Vendidos o no, resulta lo mismo. Mire bien, por una vez, las cosas cara a cara.

LUBOVA.
Usted juzga la cuestión desde un punto de vista que no puede ser el mío. Yo nací en
esta casa. Mi padre y mi madre residieron aquí y mis antepasados lo propio. Yo adoro
esta vivienda y ese jardín de los cerezos. Yo no concibo mi existencia sin ese jardín. Si
hay que venderlo, que me vendan a mí con el jardín. (Toma entre sus manos la cabeza
de Trofimof y le besa la frente.) Mi hijo Grischa corrió frecuentemente entre esos
cerezos.

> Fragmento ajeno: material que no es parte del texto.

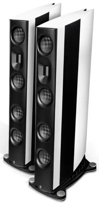 The cabinet incorporates CNC-milled hardwood laminates and 1mm carbon fiber side panels for rigidity. Internally, block-milled bracing minimizes standing waves, while Ansuz Darkz technology decouples the speaker for clearer sound and refined aesthetics.

Me parece que le estoy viendo. Grischa se ahogó en estas cercanías.
(Llorando.) Tenga, compasión de mí...

TROFIMOF.
Harto sabe usted, Lubova Andreievna, que yo comparto sus infortunios.

LUBOVA.
Sí, en efecto; pero convendría que los compartiese de otro modo. (Saca su pañuelo
del bolsillo; un telegrama cae al suelo...) Yo quisiera concederle la mano de Ania; pero
usted no se ocupa de nada, no hace nada. Camina de una Universidad a otra. Pierde el
tiempo lamentablemente. Divaga sin rumbo fijo. Yo no sé qué pensar de usted,
Trofimof. Es usted un tipo singular.

TROFIMOF. (Después de recoger el telegrama.)


Yo no tengo empeño en ser una perfección.

LUBOVA. (Estrujando el telegrama.)


Otro despacho de París. Cada día uno nuevo... Yo le quiero, le quiero... Un gran
peso llevo sobre mis hombros. Este peso me aplasta. No sé vivir sin él. (Estrecha la
mano de Trofimof.)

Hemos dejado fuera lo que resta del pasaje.